As i sit here, editing the third draft of Silence & Noise i stop to think about the journey.  the things that got me to this place and the unknown that will follow.  the closer i get to the end of the draft the more excited i find myself getting.   the idea that all the hours and months poured into this story, all the years in my own life that have come alive thru Lily’s story, all of it will soon be finished.  i can’t wait for other people to read it, people who have been so important in my life and people i don’t even know.  i can’t help but think there might be something in Lily’s story for everyone.  a piece we can cling on to and hold tight to.  there are so many moments as i write, i want to wrap my arms around Lily, comfort her and tell her there is a better place than where she is.  then i remind myself she is strong, and determined and no matter what she will survive herself.  i think everyone has that fight in them, i think sometimes we just forget it when things get hard.  we forget about our tenacity, our fire, our spirit.  even in our timidness, in our fear, we all have strength within us.  i’m thankful i will forever have Lily’s story to remind me of that.
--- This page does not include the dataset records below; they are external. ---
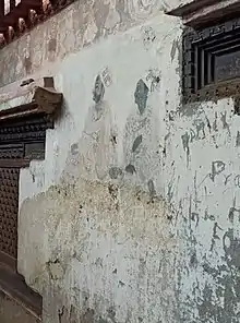 ![]() Detail of a fresco at sadāśiva chuk courtyard in the royal palace. This fresco along with all the other in the courtyard has been heavily vandalized.[1] | |||||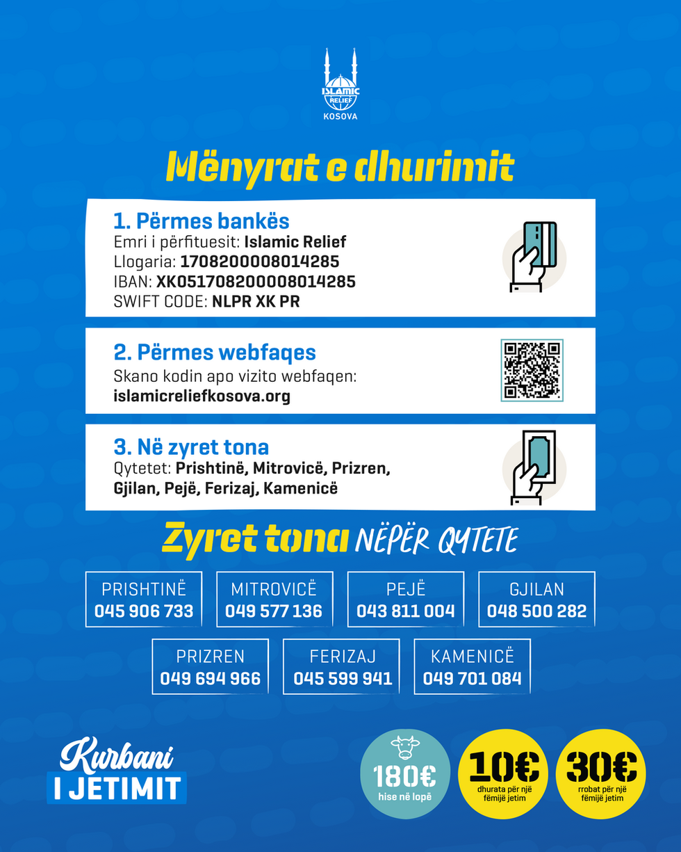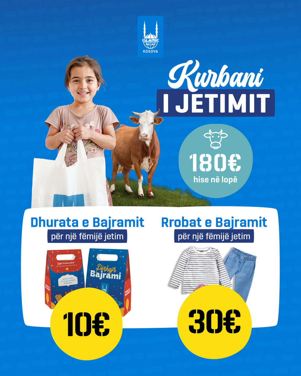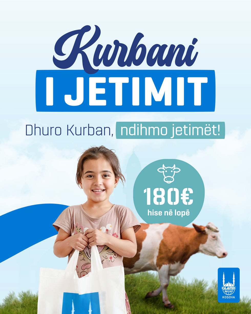 Duke therur kurbanin në Islamic Relief (me çmim prej 180€ për hise në lopë), ju njëkohësisht ndihmoni edhe familjet me fëmijë jetimë dhe familjet tjera në kushte të vështira jetësore, pasi mishi i kurbanit iu shpërndahet atyre, në mënyrë që edhe ata të kenë arsye për të festuar.
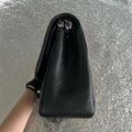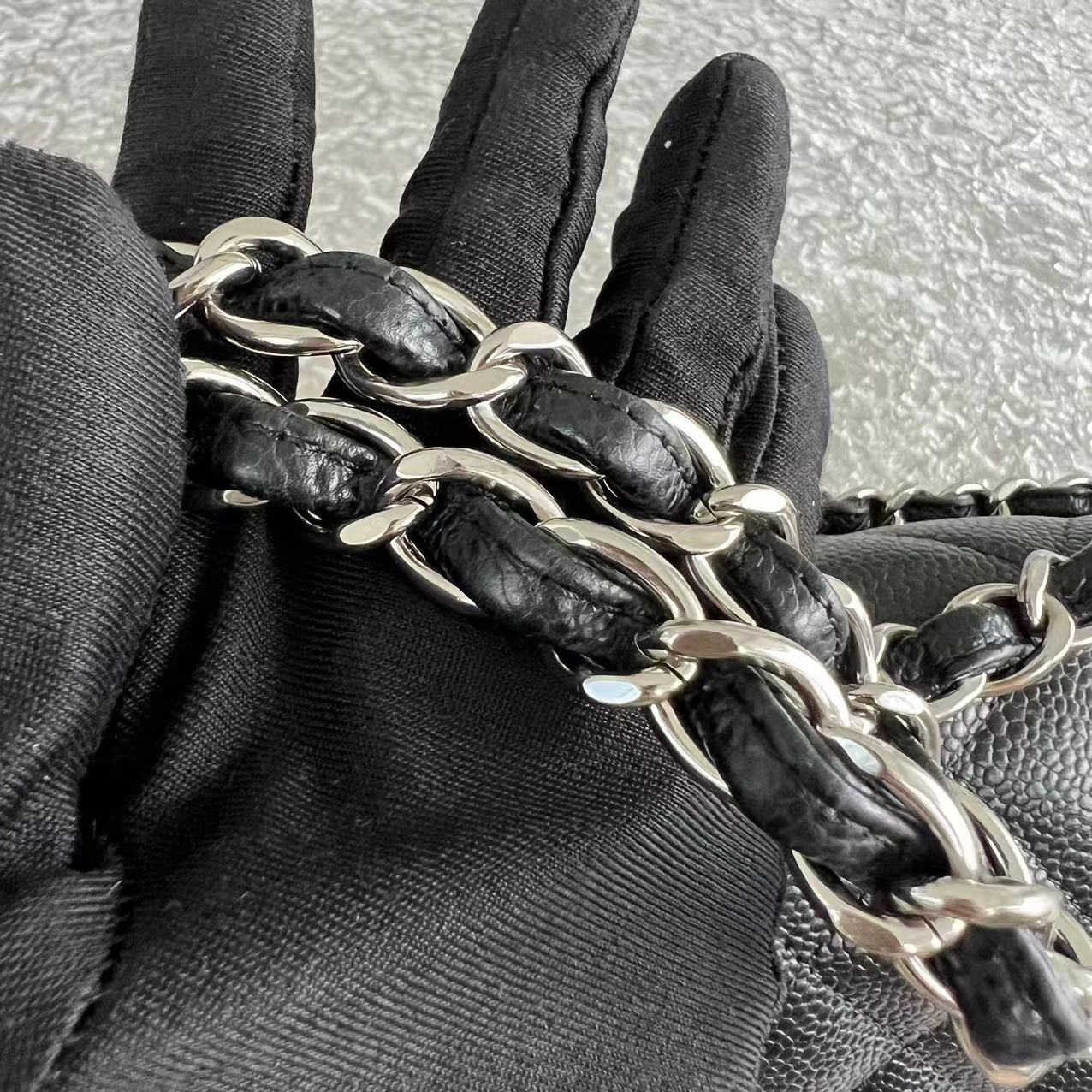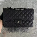 Caviar Jumbo Double Flap Classic Flap Quilted Calfskin Black Silver Hardware Series 19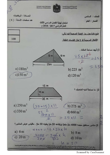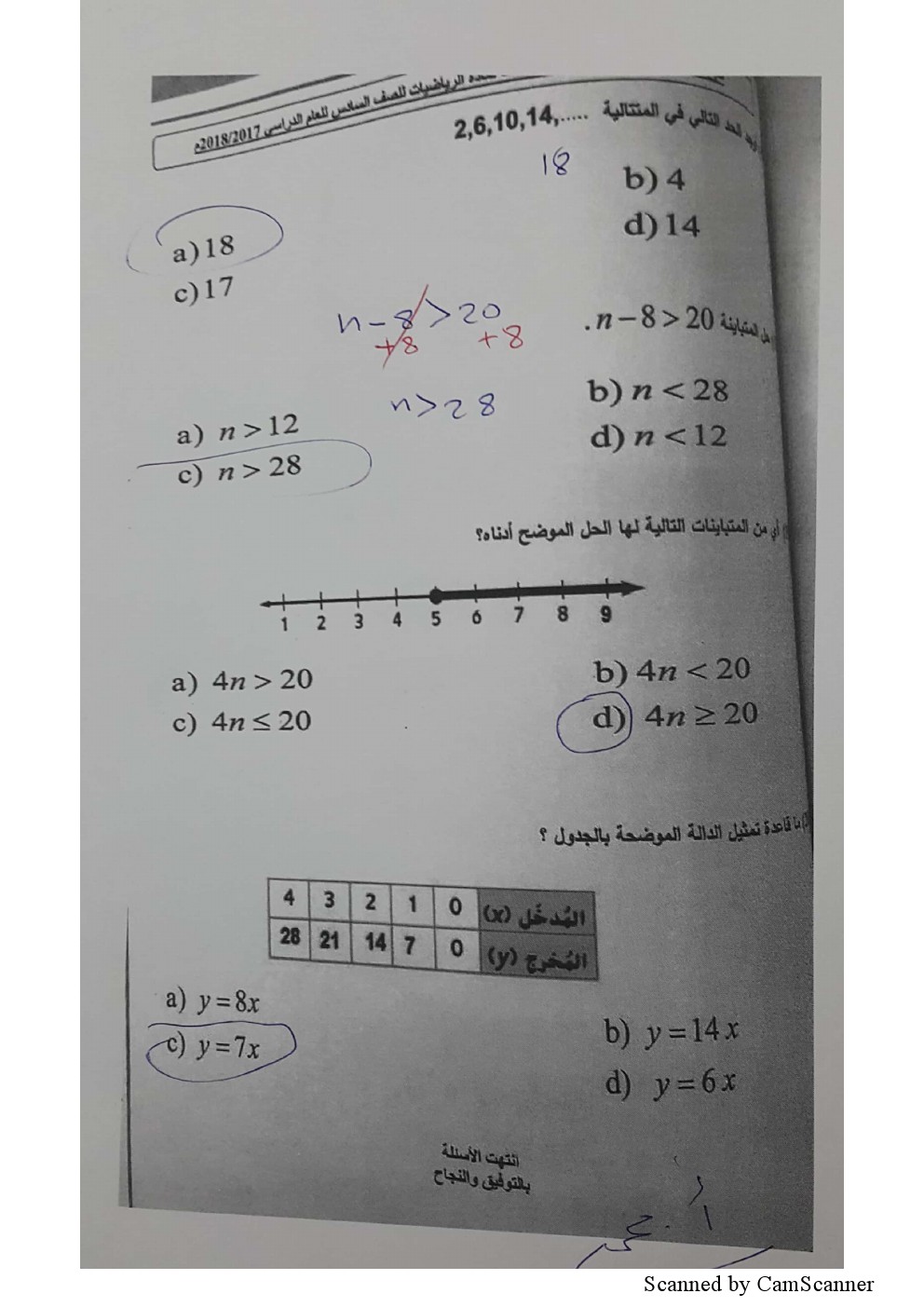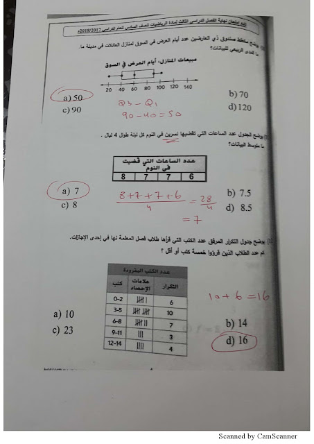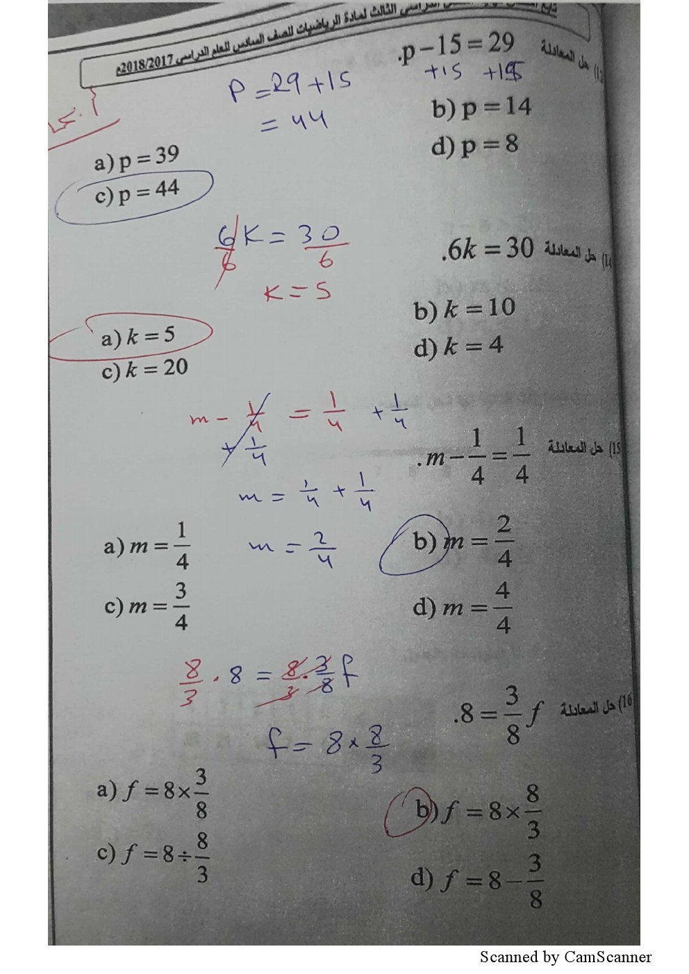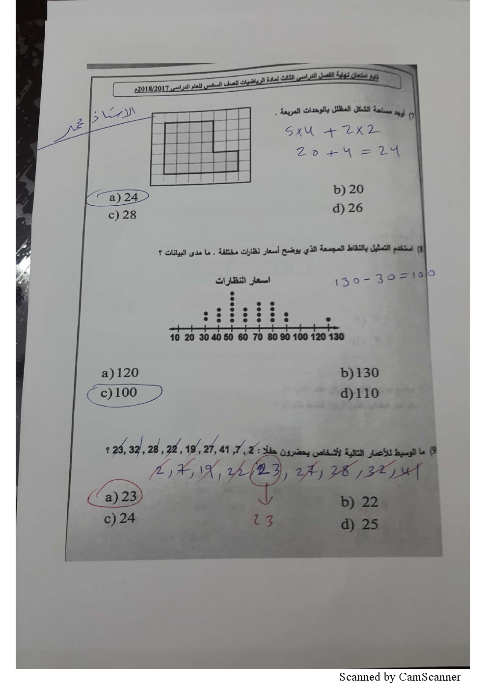 معلومات الملف: الصف السادس, الفصل الثالث, رياضيات, 2017-2018, حل الاسئلة (إعداد المدرس محمد) | |||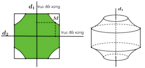 Có một hình phẳng $(H)$ (phần tô đậm trong hình vẽ bên) được tạo ra bằng cách vẽ một hình vuông có cạnh bằng 4. Sau đó, ở bốn góc hình vuông đó vẽ bốn đường cong đều có tính chất là: tích khoảng cách từ một điểm bất kì thuộc mỗi đường cong đó đến hai trục đối xứng $d_{1},d_{2}$ của hình vuông bằng 2. Khi cho hình phẳng $(H)$ quay quanh trục $d_{1}$, ta sẽ thu được một vật thể tròn xoay, thể tích vật thể tròn xoay đó bằng bao nhiêu (không làm tròn kết quả các phép tính trung gian, chỉ làm tròn kết quả cuối cùng đến hàng phần chục)?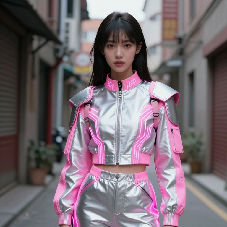 A stylish girl with fair skin, high cheekbones, and a calm expression is posed in a vintage cyberpunk alley, dressed in a futuristic aesthetic outfit featuring neon-pink and silver elements, glowing circuit patterns on the seams, and a structured jacket with shoulder pads, reflecting a cyber-feminine aesthetic.

this post was inspired by this excerpt from Silence & Noise: one girl’s journey into insanity 
I found peace in my misery.  Some twisted peace.  The kind that doesn’t really exist.”

Goodbyes.

I just finished editing a chapter in the novel about a goodbye.  It made me reflect on the goodbyes in my life.  The moments that i re-live in my mind.  The moments i have almost forgotten about.  Goodbyes can vary so much in emotion, from bitter-sweet, to complete sadness, and everything else in between.  There are the goodbye for now’s and the final goodbye’s.  And sometimes i know for myself, i don’t even realize at the time when i am in those moments of finality.  Maybe it’s not wanting to admit it to yourself at the time.  Not wanting to see the end of an era, the end of a relationship.  What is a goodbye that sticks out in your memory?  Do you wish you could go back in time and experience it again?